# Accucraft Caradoc vs. Ragleth



## scoobster28 (Sep 15, 2008)

Appearances aside (slightly different water tanks, cabs, etc.) are there any mechanical differences that a prospective new person to the live steam hobby should be aware of? Does one run better then the other, or feature better cylinders, etc? Any thoughts?
Thanks.


----------



## Tom Bowdler (Jan 3, 2008)

I have a Caradoc I have run since they have been available and I like it a lot. 
I believe the Ragleth has the same running gear as Caradoc and Edrig. 
I think you would be successful with either one. 
Best, 
Tom


----------



## Bill4373 (Jan 3, 2008)

I have an Accucraft Caradoc, Wrekin, Mortimer and Edrig.
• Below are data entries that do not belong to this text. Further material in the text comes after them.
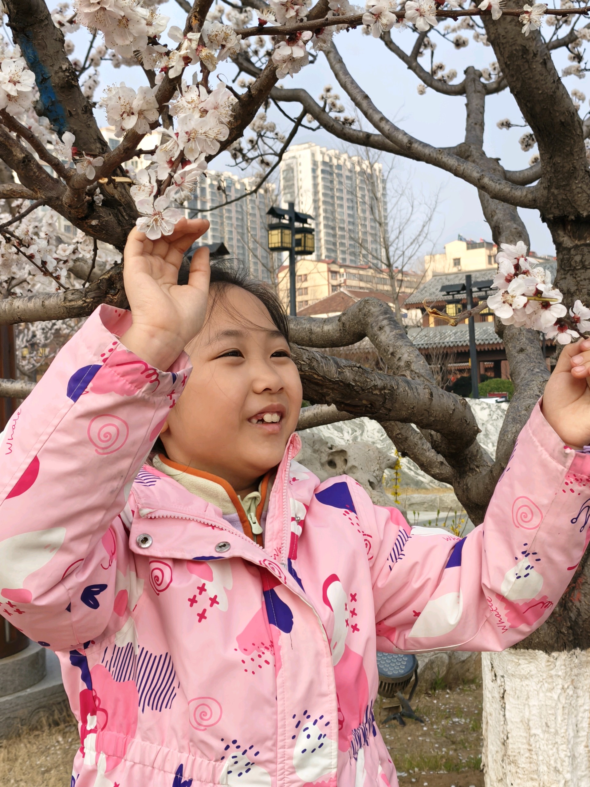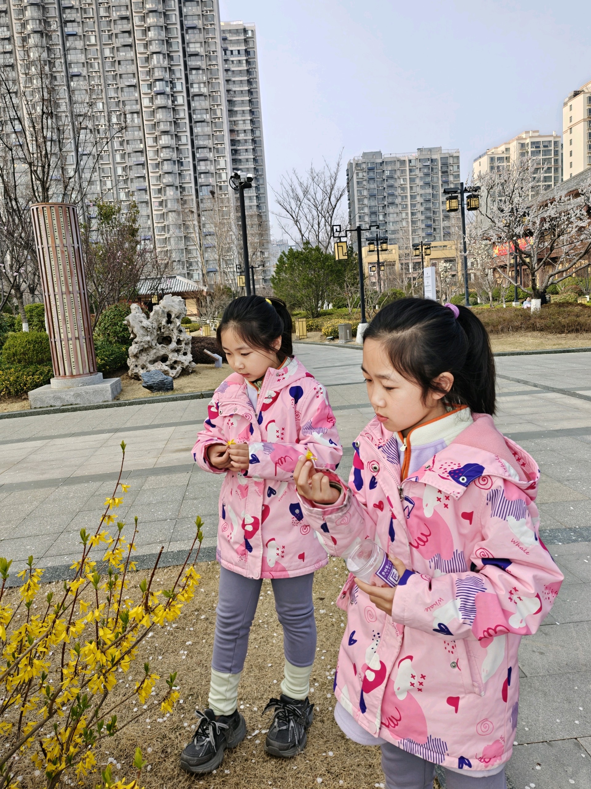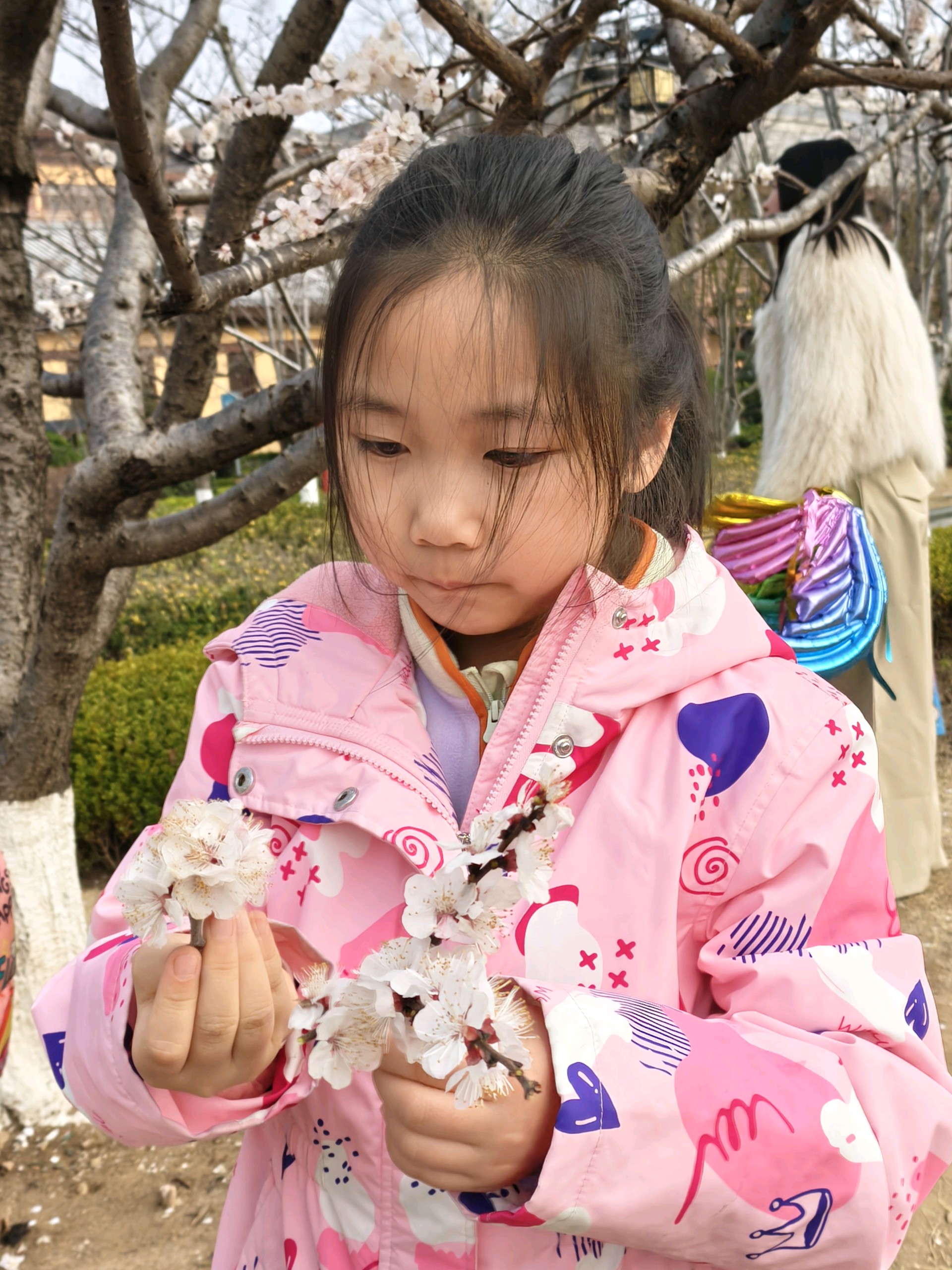 姐俩踮着脚,指尖刚触到那片软,花香便漫进了鼻尖——不是浓烈的香,是清浅的、带着阳光味道的甜,像把整个春天都攥在了手心里。不必等桃李争艳,杏花先醒了。
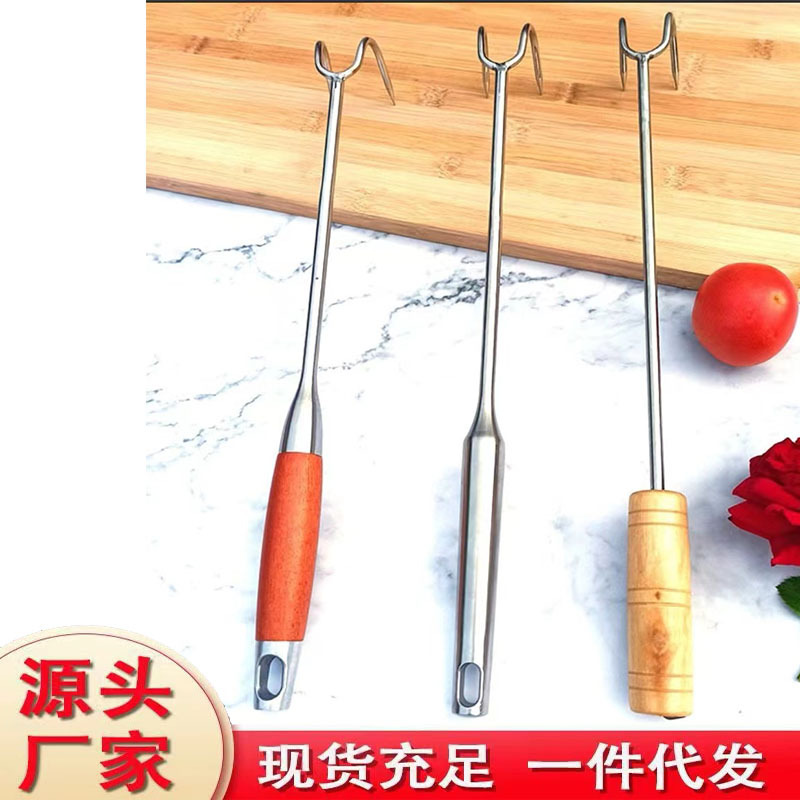 肉のフックのステンレスの木の柄は肉のフックをつかんで、豚肉のフックを焼きます。
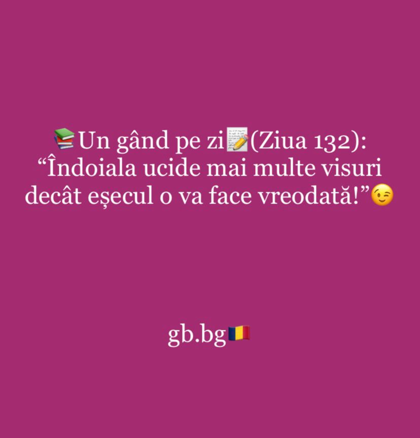 Ziua 132ianuarie 20, 2025 1 min read „Îndoiala ucide mai multe visuri decât eșecul o va face vreodată!”
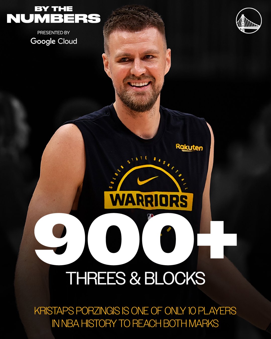 今日,勇士更新社媒晒出波尔津吉斯的个人数据记录海报,并配文:

They are good steam engines. Tag Gorton's book, LIVE STEAM WORKSHOP, modifies the Edrig but it would work on all four. 

.B


----------



## Chris B (Oct 18, 2009)

They are essentially all the same power unit using the same boiler, cylinders, wheel base etc. The differences come in the fixing holes for the body and the smokebox shape, which has rivet detail on some models.
The significant difference is that the burner on the later Raleth has a smaller jet and an air control collar. This make the burner quieter in use and the gas lasts longer. You can convert an earlier burner to the Ragleth spec though.
I made three videos introducing the Ragleth which you can find on Youtube on my Summerlandsteam channel. The loco that is featured runs incredibly well and did so from the first steaming. 

I hope this helps
Cheers
Chris


----------



## scoobster28 (Sep 15, 2008)

Thanks all. I am sold! I actually like the Caradoc's appearance better with the straight-back cab sides but I am sure both are good. Chris, not only have I watched those movies I have been leaving them open on the computer my wife and I share as "hints" to what I want for my birthday! Living in the States, these engines aren't as easy to come across so I won't get to see one run before purchase.


----------



## Chris B (Oct 18, 2009)

I agree - the Caradoc is much better looking! I have changed the body on mine using a kit from Swift Sixteen. You can see it at www.swiftsixteen.com 
There are also some nice kits from Mike"s Models here in the UK - you can see them at: 

http://www.mikes-models.co.uk/index.php?main_page=index&cPath=1061_1063_1210_1086_1094 

It is great to hear that the videos are coming in handy - good luck with the hints, but beware of her leaving videos open featuring large diamonds ;-) 
Cheers 
Chris


----------



## Chris B (Oct 18, 2009)

Just another thought - have you seen the competition entries in the Accucraft competition using the Ragleth power unit? 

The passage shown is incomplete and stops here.